Infant mortality (e.g., component installed backwards, tool left behind, poor operating procedures) played a significant role in the high unreliability rates. Therefore, these weaknesses were making things worse with scheduled overhauls and replacements. As depicted in Figure 1.12, each time a scheduled overhaul or replacement was performed, infant mortality was reintroduced into an otherwise stable system.
Because most Failure Modes occur randomly, the failure rate could not be controlled by performing more scheduled overhauls and replacements.
This research conclusively proved that fixed interval overhaul or replacement is technically not the right action to take when failure is not a function of operating age. In fact, in most cases, scheduled over-haul and replacement hurt reliability. Because most Failure Modes occur randomly, the failure rate could not be controlled by performing more scheduled overhauls and replacements. Armed with these facts, a new way of deriving scheduled maintenance tasks needed to be developed, setting the stage for the birth of RCM principles.
1.6 The Development of RCM Principles
From this research, RCM principles were first conceived within the commercial airline industry. MSG-1, Handbook: Maintenance Evaluation and Program Development was prepared by the 747 Maintenance Steering Group and published in 1968. This document contained the first use of decision diagram techniques to develop a prior-to-service scheduled maintenance program.

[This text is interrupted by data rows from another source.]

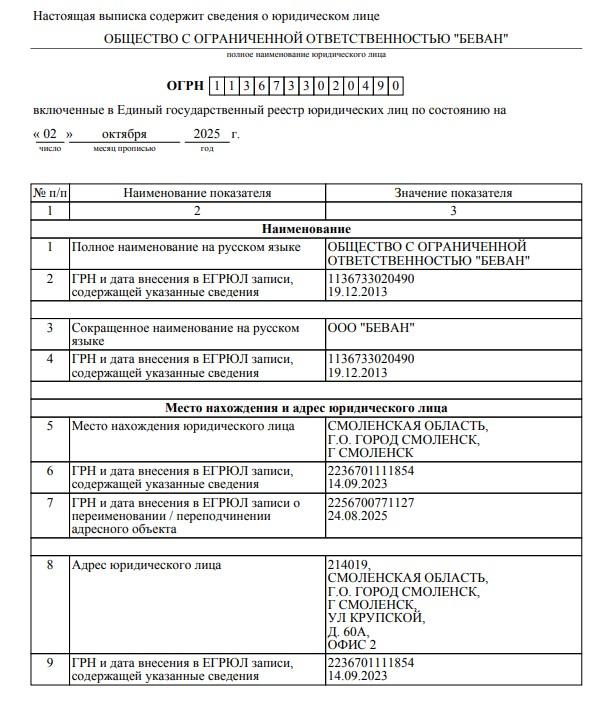 Последнее предприятие из списка расследователей, которое выдавало займы на строительство, — зарегистрированное в России ООО «Беван» (выписка из Единого госреестра юрлиц РФ). Оно занимается поставками товаров из Китая, перевозками, помогает с таможенными процедурами и сертификацией. Заем компании на фоне других кредиторов довольно скромный — 400 тыс. российских рублей (5,4 тыс. долларов), но ее вклад — беспроцентный.
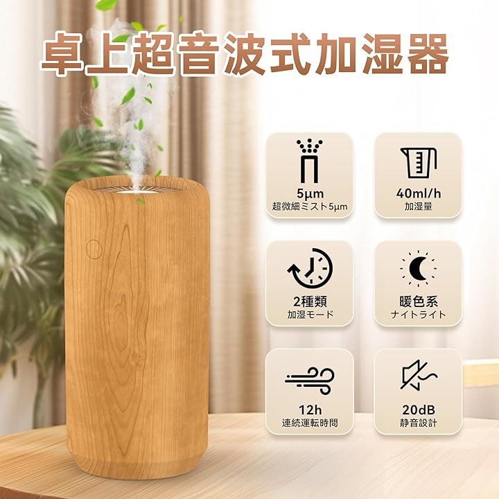 「先進的な超音波技術&超微細5μmナノミスト」この小型加湿器は、先進的な超音波技術を採用し、超微細な5μmナノミストを放出します。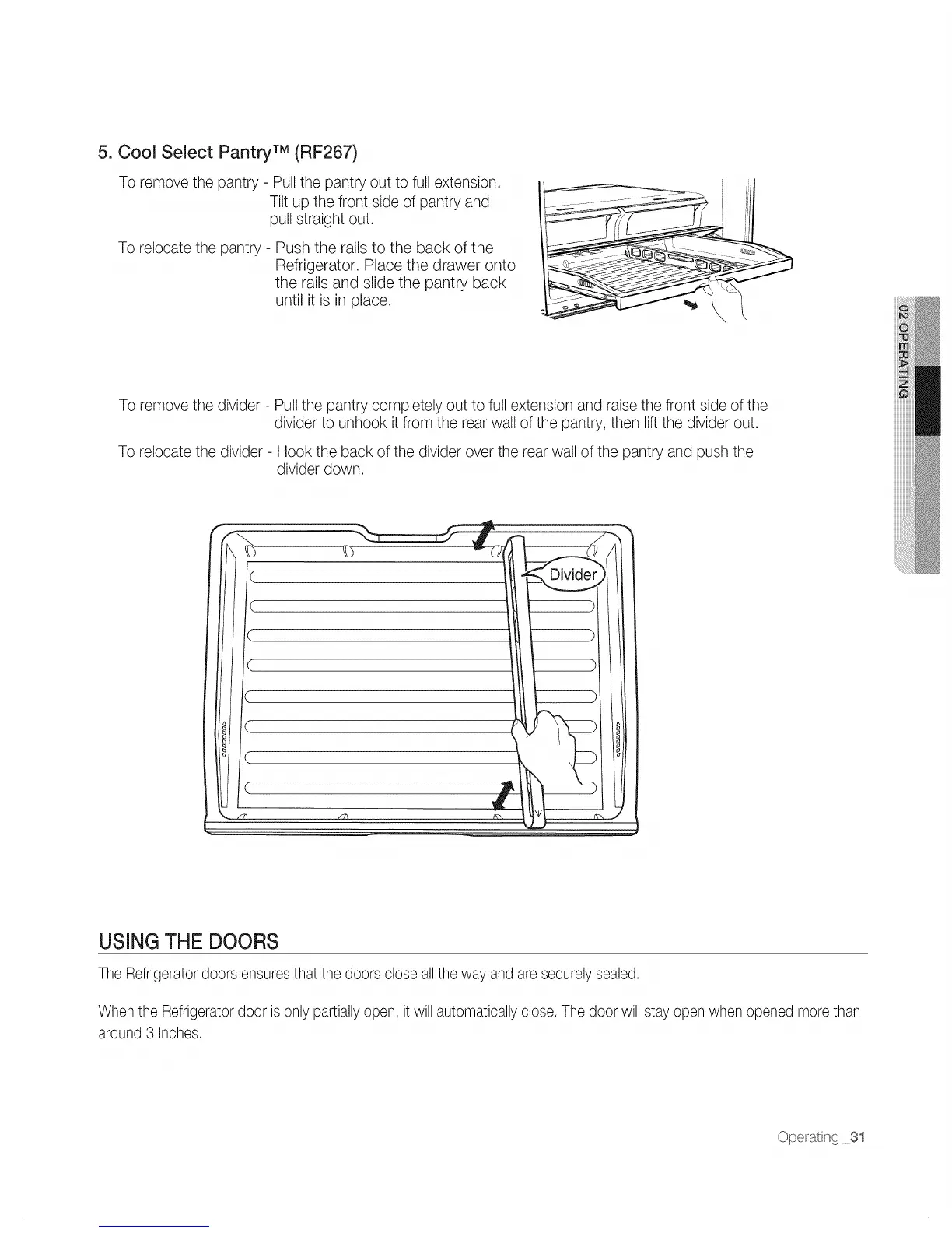 To relocate the divider - Hook the back of the divider over the rear wall of the pantry and push the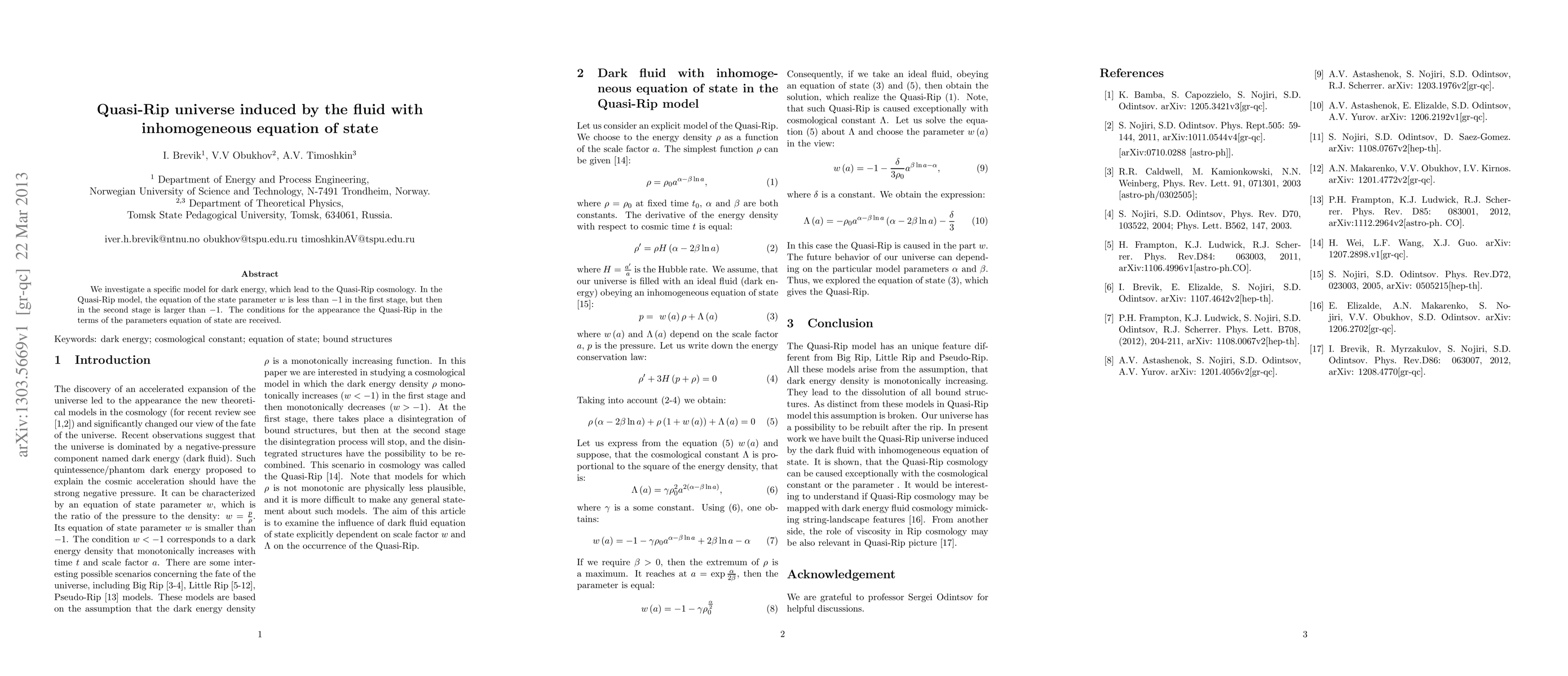 Summary: This paper explores a dark energy model leading to Quasi-Rip cosmology, where the equation of state parameter $w$ transitions from < -1 to > -1, detailing the parameters conditions for the Quasi-Rip phenomenon.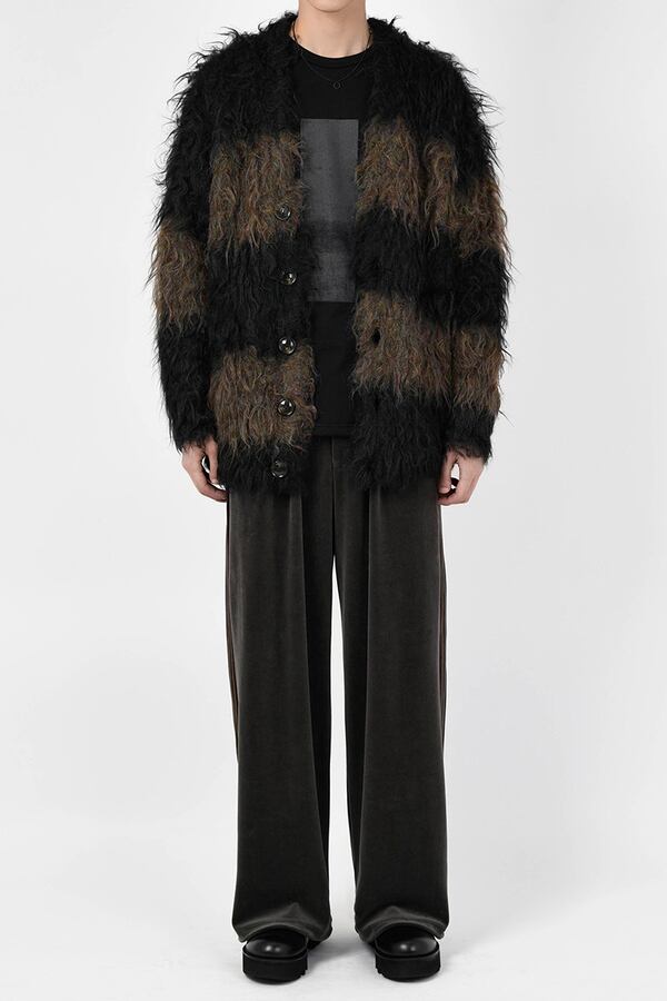 ニードル起毛加工によるファーの様な長い毛足が特徴のシャギーニットです。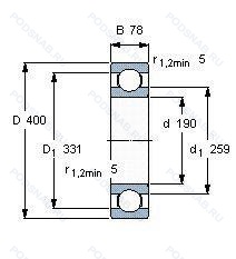 6338M C3 — Подшипник однорядный шариковый радиальный, модификация основного исполнения 6338, выпускается производителями: FAG, NSK, SKF.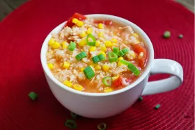 Makes four servings. Without toppings, each serving has 250 calories, 7 g fat, 18 g protein, 29 g carbohydrate, 4 g fiber and 620 mg sodium.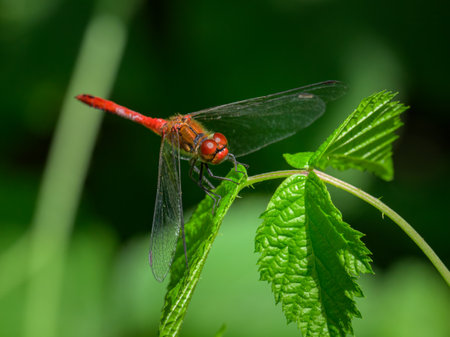 Japanese sympetrum risi yosico dragonflies, part of a family of dragonflies known as darters or meadowhawks, perches on a leaf in a Japanese park.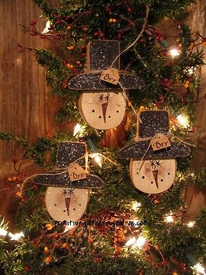 Title (ebay affiliate link): ~5 Primitive Winter SNOWMAN Brr Sign Tag Glittered Wood Christmas Ornie Ornament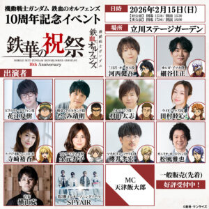 また現在チケット一般販売受付中の2月15日(日)より立川ステージガーデンにて開催される、『鉄血のオルフェンズ』10周年記念プロジェクトのフィナーレを飾るスペシャルイベント「機動戦士ガンダム 鉄血のオルフェンズ 10周年記念イベント -鉄華の祝祭-」の予習にも最適。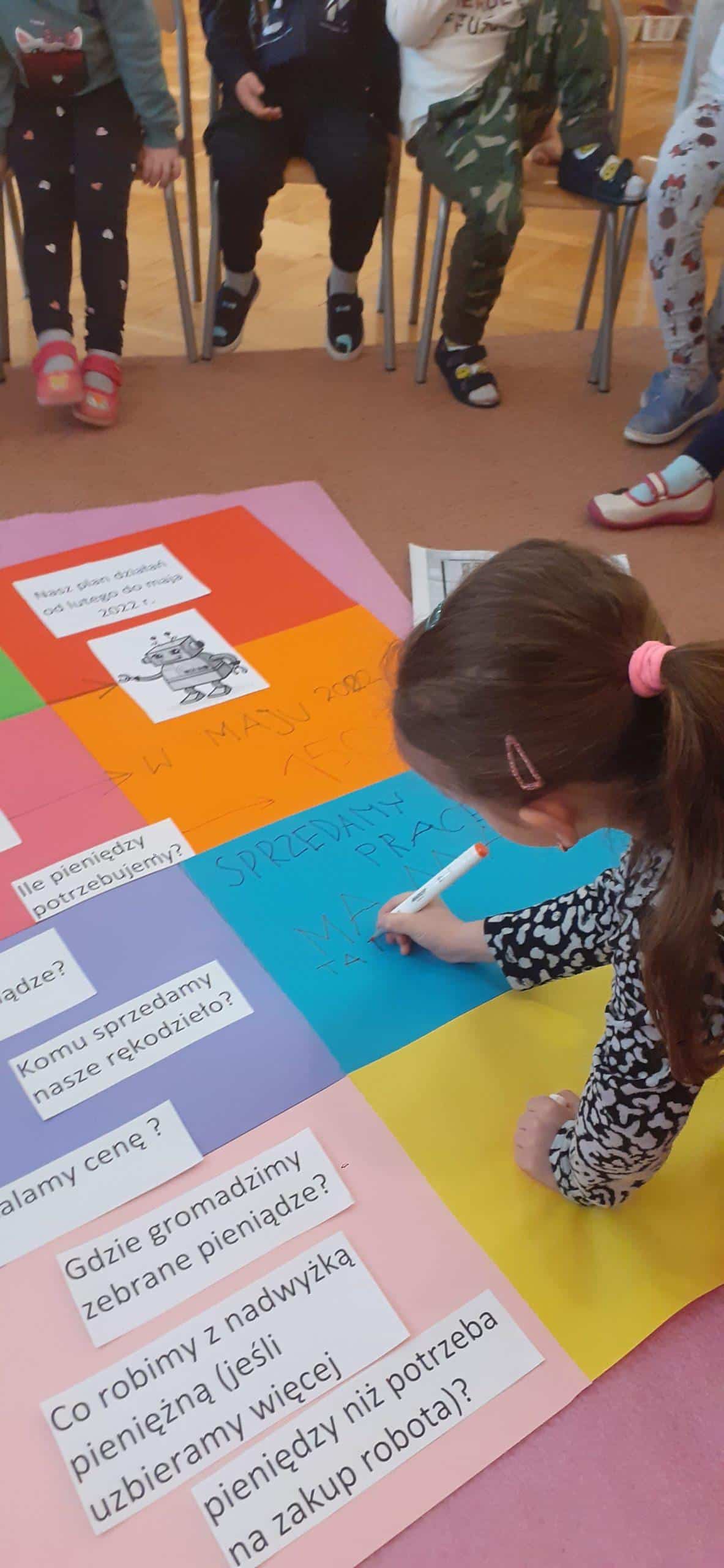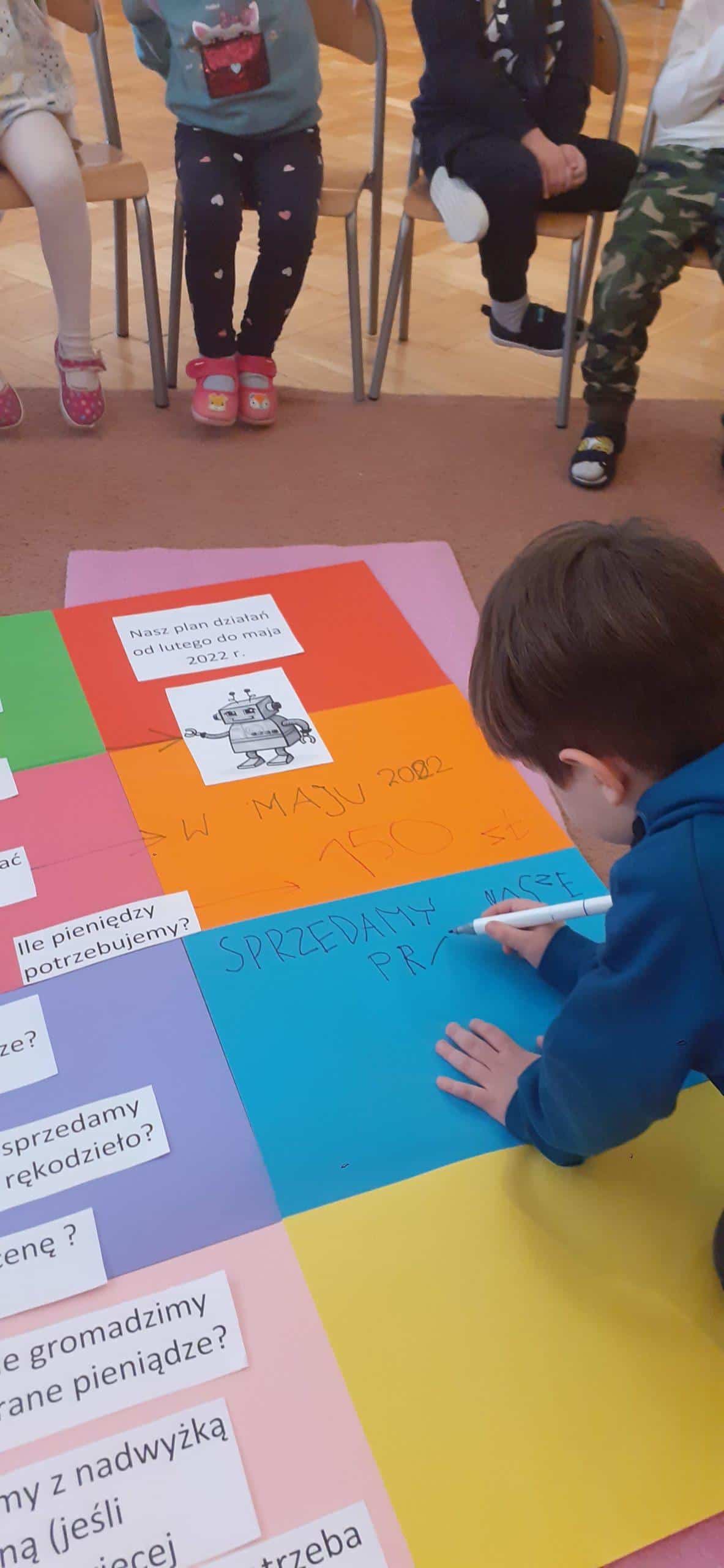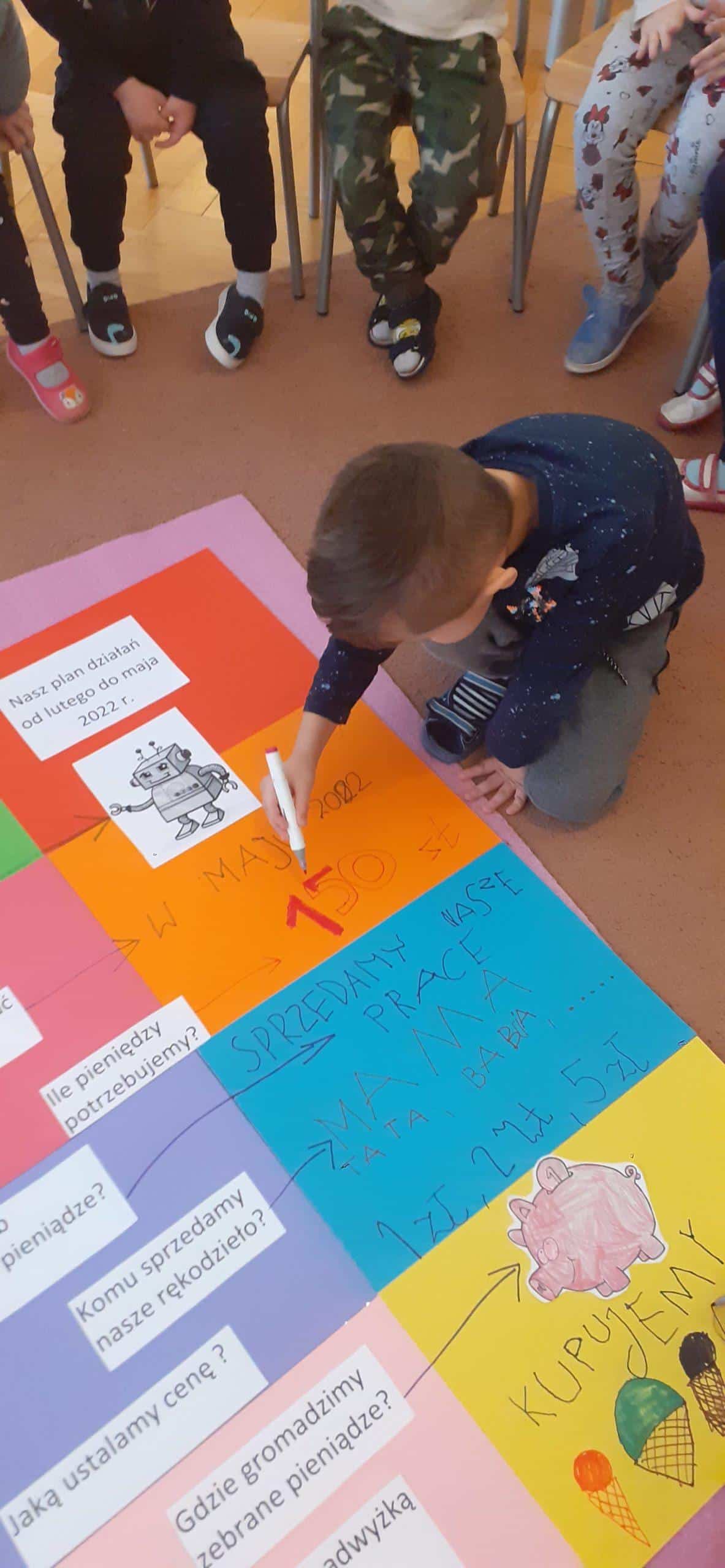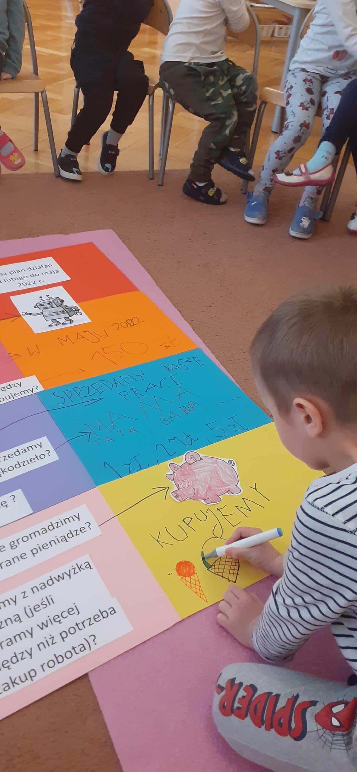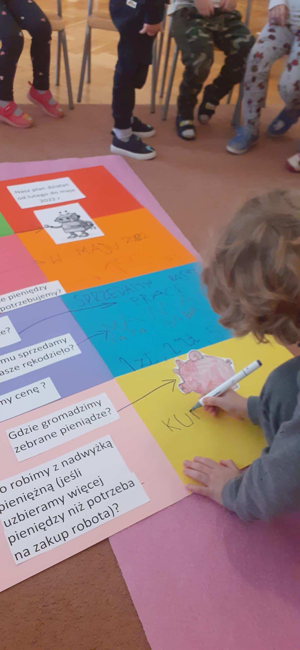 W tym roku realizujmy projekt „Przedsiębiorcze dzieciaki”, którego celem jest odkrycie tajemnic pieniądza, zarabiania, a także nauczenie dzieci planowania wydatków, a przede wszystkim oszczędzania. Stąd pomysł aktywności dzieci , dzięki którym dzieci zgromadzą środki pieniężne na zakup robota do nauki programowania . Dzieci w toku różnych działań zrozumiały, że aby zgromadzić odpowiednie zasoby finansowe muszą wykonać określoną pracę, zareklamować ją, a potem sprzedać. Na dużym arkuszu papieru sformułowano problem dotyczący tego w jaki sposób pozyskać pieniądze na zakup wspomnianego robota. Powstał w ten sposób plan działania , który realizowany będzie w lutym, marcu, kwietniu i maju, a zakończony będzie mamy nadzieję odpowiednim budżetem na zakup robota .Pierwszy etap pracy mamy za sobą, wykonaliśmy drewniane podkładki pod kubek i sprzedaliśmy je Rodzicom. Pozyskaliśmy w ten sposób 104 zł. Przed nami kolejne aktywności w następnym miesiącach i kolejne sprzedaże, do których planujemy także oprócz Rodziców włączyć pracowników przedszkola.

Improvements to MSG-1 led to the development of MSG-2: Airline/Manufacturer Maintenance Program Planning Document, which was published in 1970. MSG-2 was used to develop the scheduled maintenance programs for the Lockheed 1011 and the Douglas DC-10. It was also used on tactical military aircraft McDonnell F4J and the Lockheed P-3.
In the mid-1970s, the Department of Defense was interested in learning more about how maintenance plans were developed within the commercial airline industry. In 1976 the Department of Defense commissioned United Airlines to write a report that detailed their process. Stanley Nowlan and Howard Heap, engineers at United Airlines, wrote a book on the process and called it Reliability-Centered Maintenance. Their book was published in 1978. To many, Stanley Nowlan and Howard Heap are considered two of the most significant pioneers of the RCM process. Their book remains one of the most important documents ever written on equipment maintenance.
Using Nowlan and Heap’s book as a basis for update, MSG-3, Operator / Manufacturer Scheduled Maintenance Development was published in 1980. Since then, MSG-3 has gone through many updates. MSG-3 continues to be used within the commercial airline industry today, but is still intended to develop a scheduled maintenance program for prior to service aircraft.
Since Nowlan and Heap’s book was published, there have been various updates to the RCM process, namely the identification of environmental issues. The late John Moubray was another great pioneer of the RCM process; he did a great deal to advance RCM throughout commercial industry. His book RCM II was first published in the United Kingdom in 1991 and in the United States in 1992.
Streamlined RCM and SAE JA1011
Although RCM is a resource intensive process, analyses can be completed efficiently if the process is used correctly with the right people. However, in the mid 1990s, streamlined versions of RCM started to appear. These versions often omit key steps in the process and differ significantly from what Nowlan and Heap originally intended. As a result, the Society of Automotive Engineers (SAE) published SAE JA1011, Evaluation Criteria for Reliability-Centered Maintenance (RCM) Processes in 1999. This internationally-recognized standard outlines the criteria that any RCM process must embody in order to be called RCM. SAE JA1011 was updated in 2009.
The RCM process defined in this book complies with SAE JA1011. More important, it remains true to what the original pioneers of the process, Stanley Nowlan and Howard Heap, originally intended. Therefore, this books details True RCM.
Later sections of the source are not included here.